Istanbul University maintains extensive Erasmus Programme student and faculty mobility agreements with numerous institutions across Europe, facilitating academic mobility and collaboration. In Germany, the university partners with Free University of Berlin, Humboldt University of Berlin, Goethe University Frankfurt, University of Freiburg, University of Hamburg, Heidelberg University, University of Mainz, University of Marburg, University of Mannheim, LMU Munich, and University of Tübingen. In Austria, partnerships include University of Graz, University of Innsbruck, and University of Vienna. The university also has agreements with several Belgian institutions, including University of Antwerpen, Gent University, KU Leuven, and University of Liège, as well as University of Copenhagen in Denmark. In France, Istanbul University collaborates with Bordeaux Montaigne University, University of Caen Normandy, Lumière University Lyon 2, Aix-Marseille University, University of Orléans, Paris Nanterre University, Institut National des Langues et Civilisations Orientales, and University of Strasbourg.

The Erasmus network extends to the Netherlands, with agreements with University of Amsterdam, University of Groningen, Leiden University, and Erasmus University Rotterdam, and to Ireland with the Royal College of Surgeons in Ireland. In Spain, the university partners with University of Barcelona, Pompeu Fabra University, University of Granada, University of Salamanca, and University of Zaragoza, while in Sweden, it collaborates with Lund University and Uppsala University. Additionally, Istanbul University maintains Erasmus agreements with several Italian universities, including University of Bologna, University of Florence, University of Milano-Bicocca, University of Naples Federico II, University of Padua, and Sapienza University of Rome, as well as University of Luxembourg in Luxembourg, Eötvös Loránd University, Debrecen University, University of Pécs, and Szeged University in Hungary, University of Oslo in Norway, and University of Coimbra in Portugal.
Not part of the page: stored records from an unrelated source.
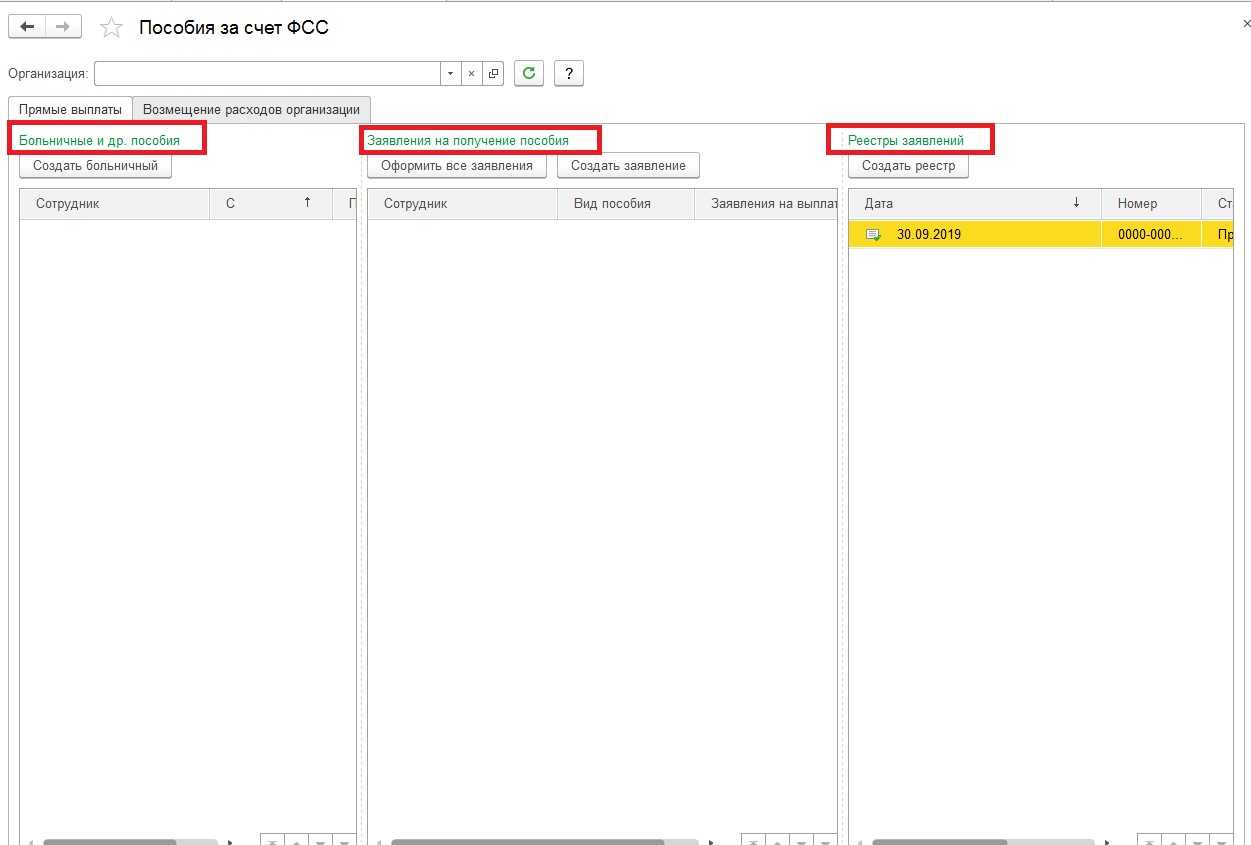 Для этого откройте раздел: «Главное – Пособия за счет ФСС». Далее вы увидите 3 колонки: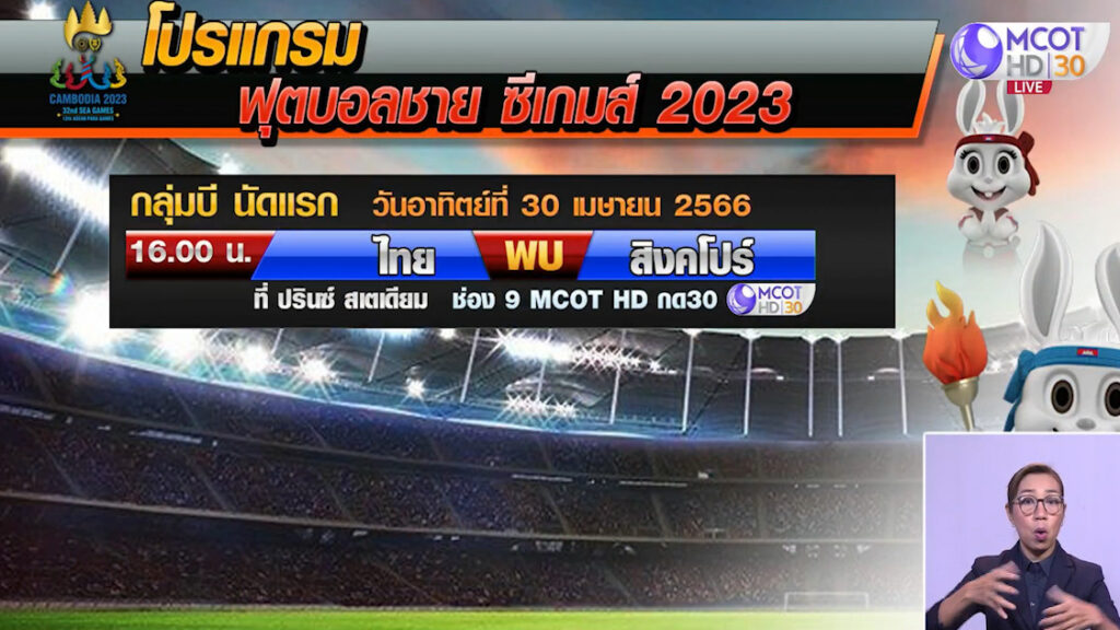 สำหรับเกมระหว่างทีมชาติไทย พบ สิงคโปร์ ในฟุตบอลชายซีเกมส์ รอบแบ่งกลุ่ม กลุ่มบี นัดแรก ที่ปรินซ์ สเตเดียมวันพรุ่งนี้ ช่อง 9 MCOT HD กด 30 ถ่ายทอดสดให้แฟนบอลได้ชมตั้งแต่เวลา 16.00 น.เป็นต้นไป.-สำนักข่าวไทย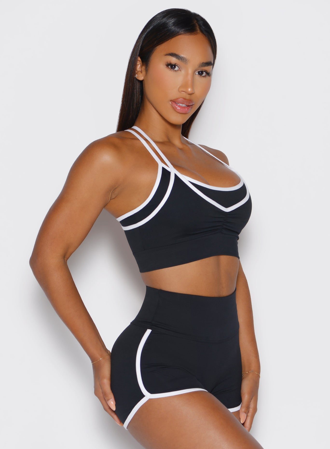 The Power Line Bra in Black brings together sleek design and reliable performance. This x back sports bra is made with buttery soft fabric and features a double layer front and back for added support. Adjustable double straps and removable padding allow for a customized fit. while the front scrunch detail adds subtle shape. The black and white sports bra design with contrast binding creates a timeless athletic look that works for training and daily wear. Built as a high performance sports bra. it offers comfort. versatility. and a modern edge for every active lifestyle.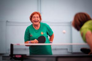 (250917) -- VARSOVIA, 17 septiembre, 2025 (Xinhua) -- Imagen del 16 de septiembre de 2025 de una participante compitiendo durante un partido de tenis de mesa de los VII Juegos Olímpicos de la Tercera Edad, en Varsovia, Polonia. Los Juegos Olímpicos de la Tercera Edad de Varsovia, un evento deportivo anual para personas de 60 años en adelante, se lleva a cabo este año del 14 al 20 de septiembre. (Xinhua/Jaap Arriens) (ah) (ce)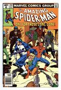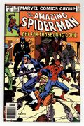 Tags: Spider-Man$25.00Newsstand Edition. "One for Those Long Gone!" Part 2 of 2. Guest-starring the Punisher. Script by Marv Wolfman. Art by Keith Pollard (breakdowns) and Jim Mooney (finishes). Cover by Keith Pollard and Joe Rubinstein. After surviving his nervous encounter with the Punisher, Peter Parker slips on his red and blue costume and joins the gun-toting vigilante's pursuit of the drug lords! Spider-Man wants to capture them. The Punisher wants to kill them. Something has got to give! Will the superhero or the anti-hero win the battle of wills? Cameo appearances by J. Jonah Jameson, Joe Robertson, and Dr. Jonas Harrow. (Notes: Spider-Man and the Punisher tangle again in Amazing Spider-Man Annual 15. This issue includes a sideways full-page ad featuring Batroc the Leaper promoting Crazy Magazine. This story was reprinted in Marvel Tales 219.) 36 pages Cover price $0.40.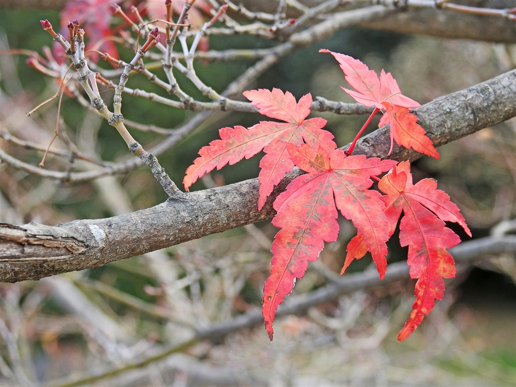 名残りのコミネカエデ 掌状に5裂し中央3裂片は長く伸びる。縁に重鋸歯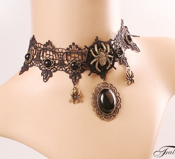 Satin Al Kadinlar 2019 Serin Siyah Kristal Elmas Kolye Orumcek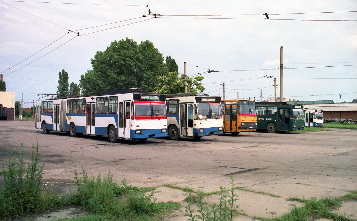 NEU 26 Berliet-Obusse 32 und 35 aus Lyon im Depot Dâmbovița 1999. |

The university actively participates in research and innovation programs supported by the European Commission and Horizon Europe, which provide funding for cutting-edge research across various fields. These partnerships enable Istanbul University to contribute to and benefit from large-scale research projects that foster scientific progress and innovation. Additionally, the university collaborates with NATO in research initiatives related to security, technology, and scientific advancement, benefiting from access to valuable resources and expertise in areas of mutual interest. Istanbul University is also an official member of the CMS Experiment at CERN, a collaboration that focuses on high-energy physics research and the study of fundamental particles.

== Notable faculty ==
See also Academic staff of Istanbul University for a detailed list.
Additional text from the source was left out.